Top of SUPPLIED MATERIAL

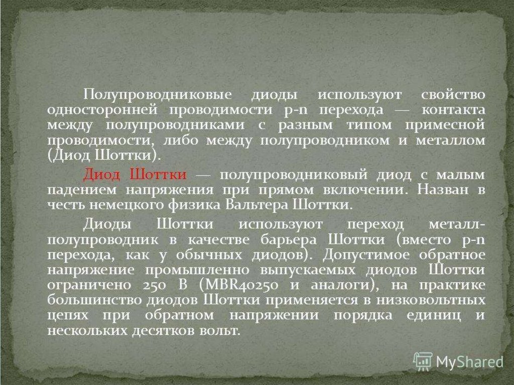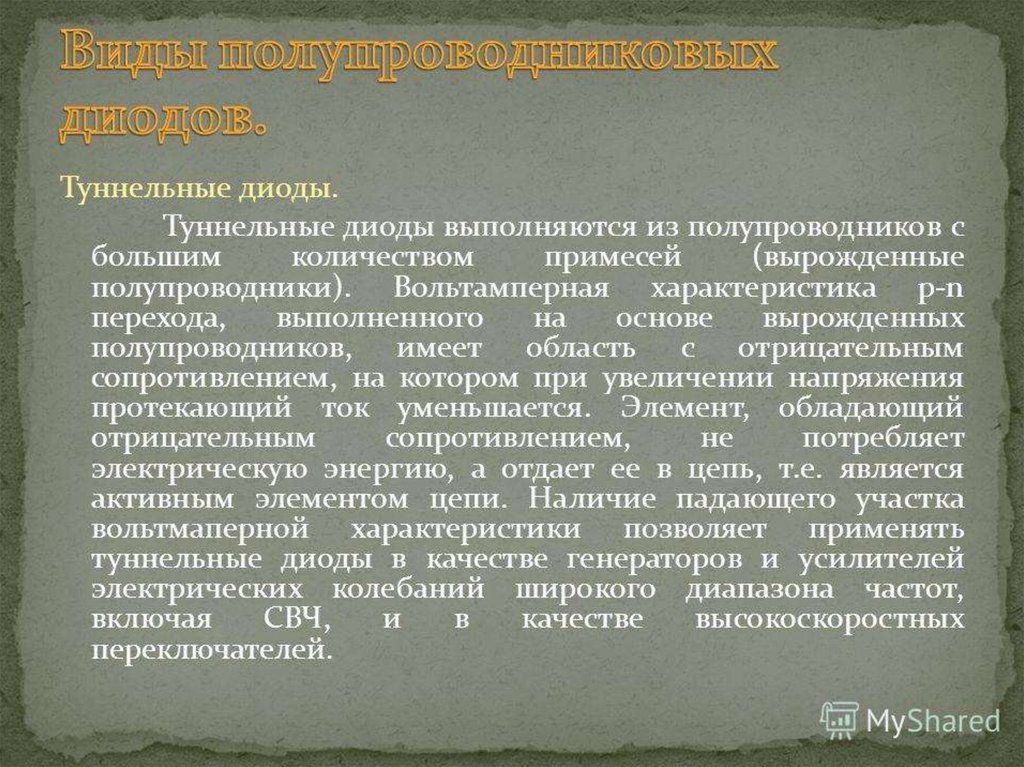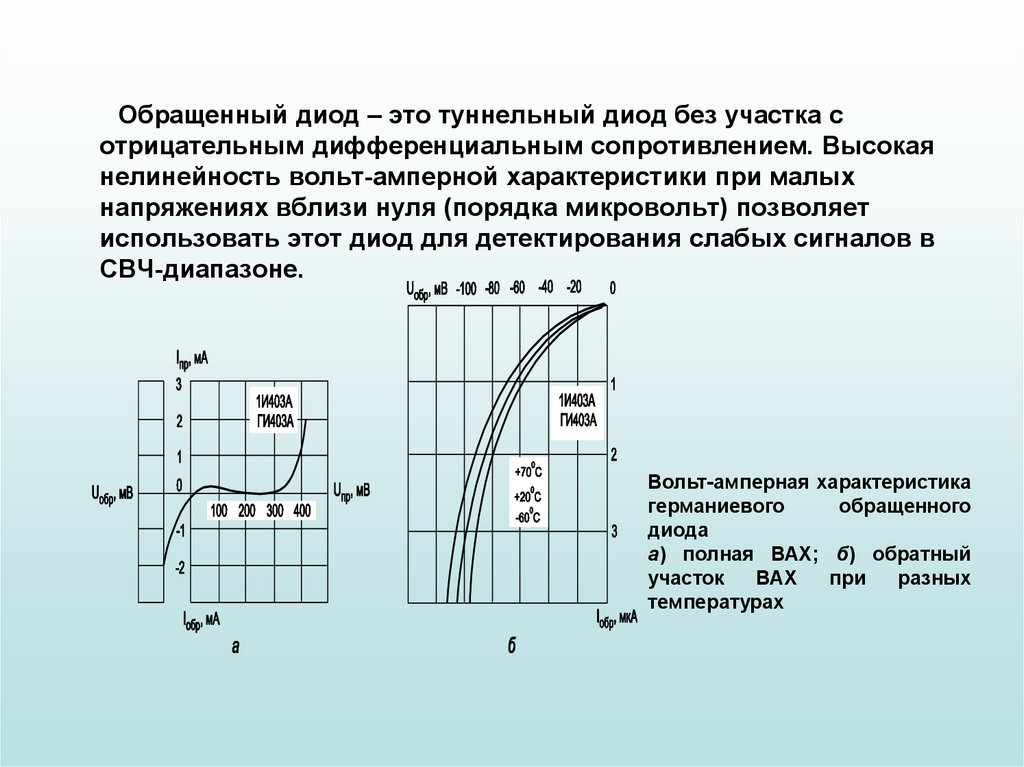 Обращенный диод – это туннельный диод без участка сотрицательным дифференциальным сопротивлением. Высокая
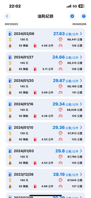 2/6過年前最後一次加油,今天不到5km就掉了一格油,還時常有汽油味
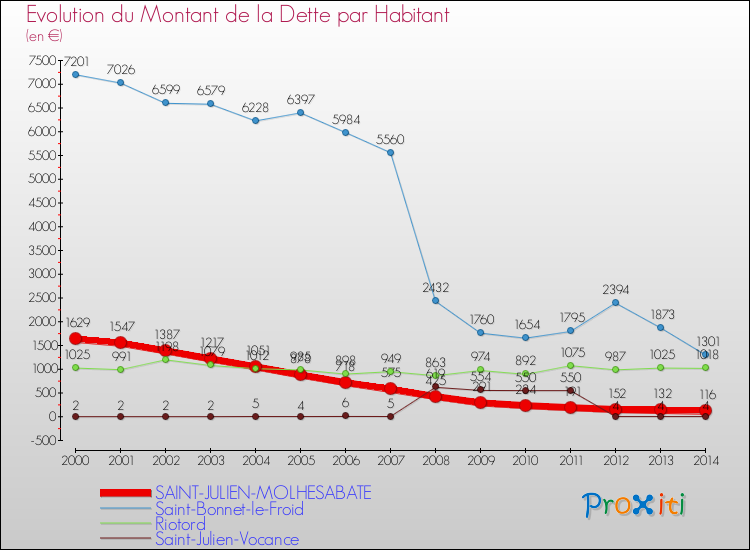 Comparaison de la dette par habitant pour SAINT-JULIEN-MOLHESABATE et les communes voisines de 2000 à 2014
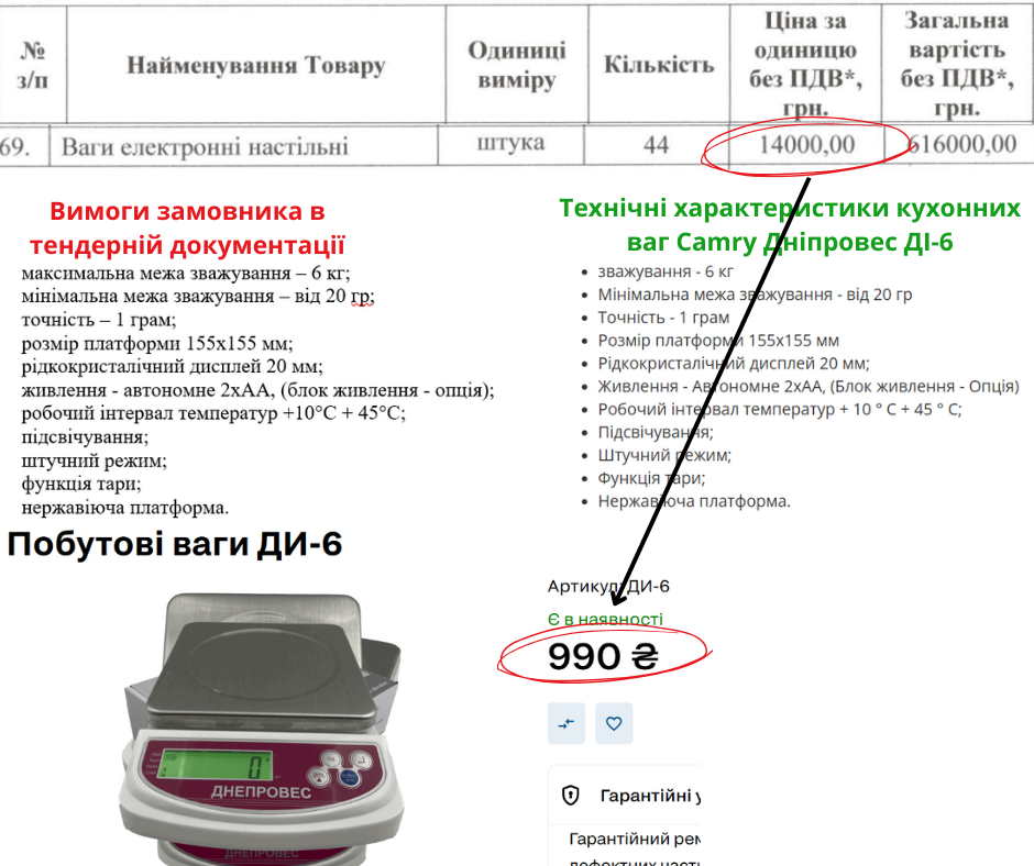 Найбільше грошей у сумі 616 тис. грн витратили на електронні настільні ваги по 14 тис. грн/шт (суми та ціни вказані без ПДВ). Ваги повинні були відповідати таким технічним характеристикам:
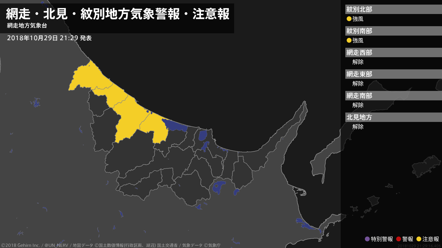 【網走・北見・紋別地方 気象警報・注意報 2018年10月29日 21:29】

Bottom of SUPPLIED MATERIAL

* WHAT TO WORK ON
Print once more, exactly, the lines from the one with "2/6過年前最後一次加油,今天不到5km就掉了一格油,還時常有汽油味" through the last line of the data, both ends included, without any pictures.

* WRITTEN ANSWER
 2/6過年前最後一次加油,今天不到5km就掉了一格油,還時常有汽油味
 Comparaison de la dette par habitant pour SAINT-JULIEN-MOLHESABATE et les communes voisines de 2000 à 2014
 Найбільше грошей у сумі 616 тис. грн витратили на електронні настільні ваги по 14 тис. грн/шт (суми та ціни вказані без ПДВ). Ваги повинні були відповідати таким технічним характеристикам:
 【網走・北見・紋別地方 気象警報・注意報 2018年10月29日 21:29】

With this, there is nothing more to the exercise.